Hi Roger, Victor and All,
AS one who has to consider EV
production, these batts have problems.
On Molten salt batts 100wts/hr parasitic drain can double
the energy needs for many drivers. I'd have to think this
goes up in winter too. As a good point the materials are
inexpensive so good for vehicles used a lot.
Batts using silver, nickel or other
expensive metals can't compete with LiFePo4, ect cheaper
materials. In fact EV's would be stolen for such expensive
batts also precludes their use.
NiFE can't because of these and it's
high discharge rate and ineff, water use while charging.
Nicads, NiMH were made to fix these problems except they are
still and always will be pricey.
So get use to Li, Molten salt as they
are by far the lowest future cost though Alum/air batts
could come back.
Some Li batts are now less cost than
AGM's so once they and their BMS' are sorted out in about a
yr will be our best choice at even lower prices thanks to
the recession.
One suggestion is everyone write
your congresspeople to have the Feds buy the US rights to
LiFePo4 to create jobs,factories, EV's here. GM just picked
an inferior Li batt because of it's patent dispute. But if
everyone could be free of that cost, hassle in the US
factories, jobs would mushroom here raising competition and
driving down prices on what looks like the best or at least
excellent Li type.
While talking to them mention the
EV tax credit should be available for conversions as they
are the only available EV for a while. And for 3 wh freeway
capable EV's as only 4wh ones can get it now. Apparently
that includes some golfcarts taking up the limited EV
credits but not my style 80mph. 100 mile range 3wheeler!!
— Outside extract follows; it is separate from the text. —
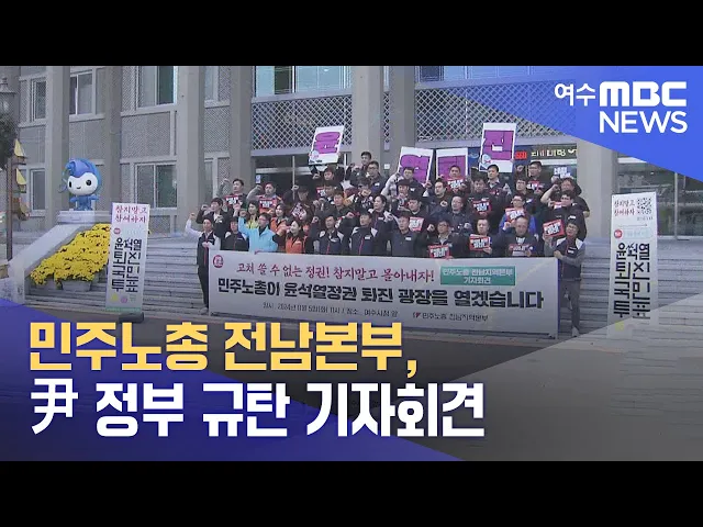 민주노총 전남지역본부가오늘(5) 여수시청 앞에서 윤석열 정권의 퇴진을 촉구했습니다.민노총 전남지역본부는 이날 기자회견에서 윤석열 정권이 헌법에 보장된 노동기본권을 무시하고노조를 범죄 집단으로 매도했다고 규탄했습니다.민노총은 오는 9일 전국노동자대회와 총궐기를 통해 정권 퇴진 여론을 형성하겠다며 내달 ...

----- Original Message Follows -----
From: Roger Heuckeroth <[email protected]>
To: Electric Vehicle Discussion List <[email protected]>
Subject: Re: [EVDL] Silver Zinc Batteries and othe EV Data
Date: Sun, 8 Feb 2009 15:45:03 -0500

>I truely believe that we will see major advances in the
>refinement of these chemisties that have existed in
>principal for decades, but have been put on the self due
>to limitations that seamed insurmountable. With
>nanotechnology, new separator films, etc. many thing are
>possible.
>
>
>
>Sent from my iPhone
>
>On Feb 8, 2009, at 11:25 AM, "Roland Wiench" <[email protected]>


> >wrote:
> >
> >> Silver Zinc Batteries new introduction and EV data by:
> >>
> ...


----------



## EVDL List (Jul 27, 2007)

*Re: [EVDL] Feds, Molten salt and Silver Zinc Batteries, ect*



> jerryd wrote:
> >
> > Hi Roger, Victor and All,
> > AS one who has to consider EV
> ...


----------



## EVDL List (Jul 27, 2007)

*Re: [EVDL] Feds, Molten salt and Silver Zinc Batteries, ect*



> Victor Tikhonov wrote:
> > jerryd wrote:
> >
> >> On Molten salt batts 100wts/hr parasitic drain can double
> ...


----------



## EVDL List (Jul 27, 2007)

*Re: [EVDL] Feds, Molten salt and Silver Zinc Batteries, ect*

I think that the easiest way to understand why Molten Salt
battery does not consume much more power in winter is to
explain the difference in temperature and let's take some
nice extreme numbers to show how little it differs:

Say that in Summer the average (day+night) temp is like
a bad season in Atlanta (nothing personal) at 30 deg C
(86 Fahrenheit) while in winter the average temp is like
a cold spell in the NorthEast at -30 C (-22 Fahrenheit).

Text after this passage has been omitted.